Separatist and Disunion Feeling in the West.

While many of the people on the eastern seaboard thus took an indefensible position in reference to the trans-Alleghany settlements, in the period immediately succeeding the Revolution, there were large bodies of the population of these same settlements, including very many of their popular leaders, whose own attitude towards the Union was, if anything, even more blameworthy. They were clamorous about their rights, and were not unready to use veiled threats of disunion when they deemed these rights infringed; but they showed little appreciation of their own duties to the Union. For certain of the positions which they assumed no excuse can be offered. They harped continually on the feebleness of the Federal authorities, and the inability of these authorities to do them justice or offer them adequate protection against the Indian and the Spaniard; yet they bitterly opposed the adoption of the very Constitution which provided a strong and stable Federal Government, and turned the weak confederacy, despised at home and abroad, into one of the great nations of the earth.
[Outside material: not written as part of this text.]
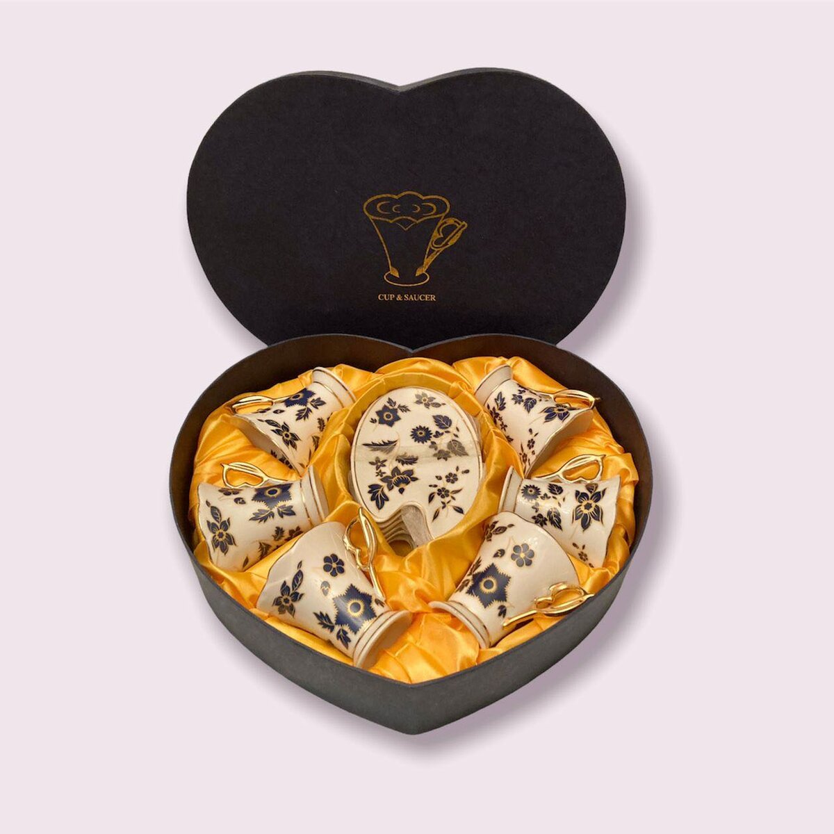Кофейная пара (чашка с блюдцем) на 6 персон необычной и красивой формы в подарочной коробке
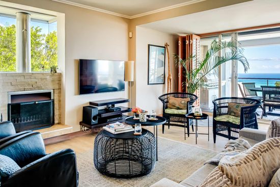 Villa Views, located in the upscale suburb of Camps Bay, offers a blend of traditional charm and modern convenience. This elegant family home features a main bedroom with a king bed, air conditioning, and sea and mountain views, along with direct access to the pool area and an en-suite bathroom. The second bedroom, with a queen bed and air conditioning, opens onto a deck and shares a bathroom with the third bedroom, which includes a double bed and a desk. The study, equipped with a desk, provides a quiet workspace. The kitchen includes a Nespresso machine, electric hob, and dishwasher, complemented by a separate laundry room with a washer and dryer. The open-plan living and dining areas, with seating for six, air conditioning, and a television, flow seamlessly to the deck. Unfortunately, the fireplace is not functional. The games room features a pool table, dart board, and seating, with access to the pool area. Outdoors, the garden has a pool, gas barbecue, dining for eight, and sun loungers. With an inverter and alarm system, Villa Views promises a comfortable and enjoyable retreat.

They showed little self-control, little willingness to wait with patience until it was possible to remedy any of the real or fancied wrongs of which they complained. They made no allowance for the difficulties so plentifully strewn in the path of the Federal authorities. They clamored for prompt and effective action, and yet clamored just as loudly against the men who sought to create a national executive with power to take this prompt and effective action. They demanded that the United States wrest from the British the Lake Posts, and from the Spaniards the navigation of the Mississippi. Yet they seemed incapable of understanding that if they separated from the Union they would thereby forfeit all chance of achieving the very purposes they had in view, because they would then certainly be at the mercy of Britain, and probably, at least for some time, at the mercy of Spain also. They opposed giving the United States the necessary civil and military power, although it was only by the possession and exercise of such power that it would be possible to secure for the westerners what they wished. In all human probability, the whole country round the Great Lakes would still be British territory, and the mouth of the Mississippi still in the hands of some European power, had the folly of the separatists won the day and had the West been broken up into independent States.
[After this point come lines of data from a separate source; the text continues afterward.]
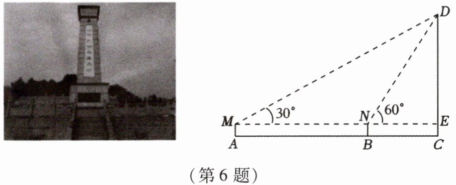 6. (2023·怀化中考)为弘扬革命传统精神,清明期间,某校组织学生前往怀化市烈士陵园缅怀革命先烈。大家被革命烈士纪念碑的雄伟壮观震撼,想知道纪念碑的通高 $CD$(碑顶到水平地面的距离),于是师生组成综合实践小组进行测量。他们在地面的 $A$ 点用测角仪测得碑顶 $D$ 的仰角为 $30^{\circ}$,在 $B$ 点处测得碑顶 $D$ 的仰角为 $60^{\circ}$,已知 $AB = 35$ m,测角仪的高度是 $1.5$ m($A$,$B$,$C$ 在同一直线上),根据以上数据求烈士纪念碑的通高 $CD$。(结果精确到 $0.1$ m;参考数据:$\sqrt{3} \approx 1.732$)
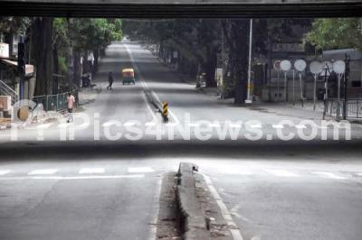 Photo Caption : Deserted Shivananda Circle during the state-wide weekend lockdown in the wake of the 2nd wave of COVID-19, in Bengaluru on Sunday 25th April 2021
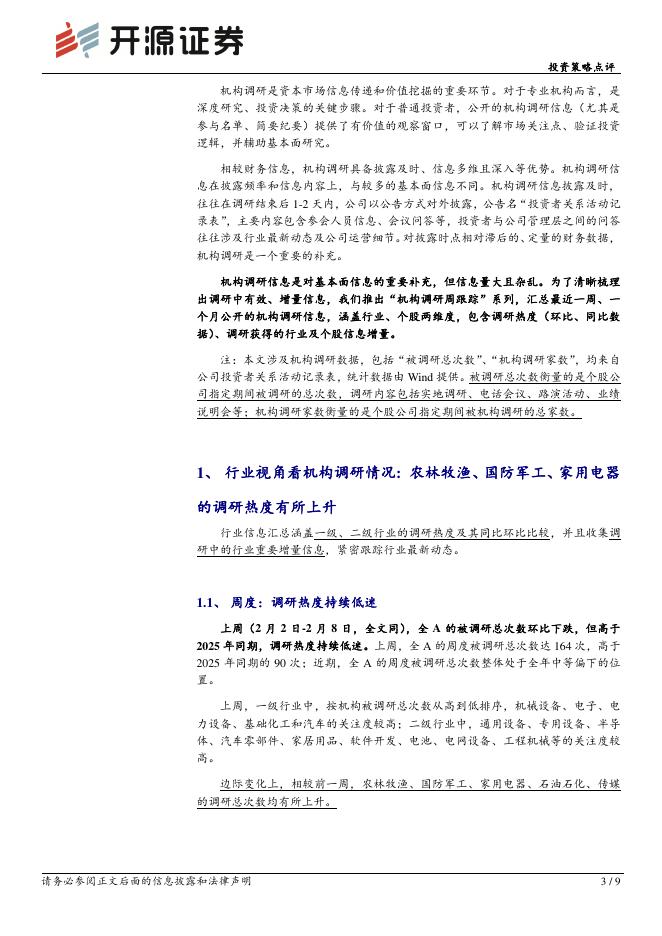 开源证券:机构调研周跟踪:机构关注度环比回升:农林牧渔、国防军工、家电-260211.pdf

Shortcomings of the Frontiersmen.

These shortcomings were not special or peculiar to the frontiersmen of the Ohio valley at the close of the eighteenth century. All our frontiersmen have betrayed a tendency towards them at times, though the exhibitions of this tendency have grown steadily less and less decided. In Vermont, during the years between the close of the Revolution and the adoption of the Constitution, the state of affairs was very much what it was in Kentucky at the same time. [Footnote: Pennsylvania Magazine of History and Biography, xi., No. 2, pp. 160-165, Letters of Levi Allen, Ethan Allen, and others, from 1787 to 1790.] In each territory there was acute friction with a neighboring State. In each there was a small knot of men who wished the community to keep out of the new American nation, and to enter into some sort of alliance with a European nation, England in one case, Spain in the other. In each there was a considerable but fluctuating separatist party, desirous that the territory should become an independent nation on its own account. In each case the separatist movements failed, and the final triumph lay with the men of broadly national ideas, so that both Kentucky and Vermont became States of one indissoluble Union.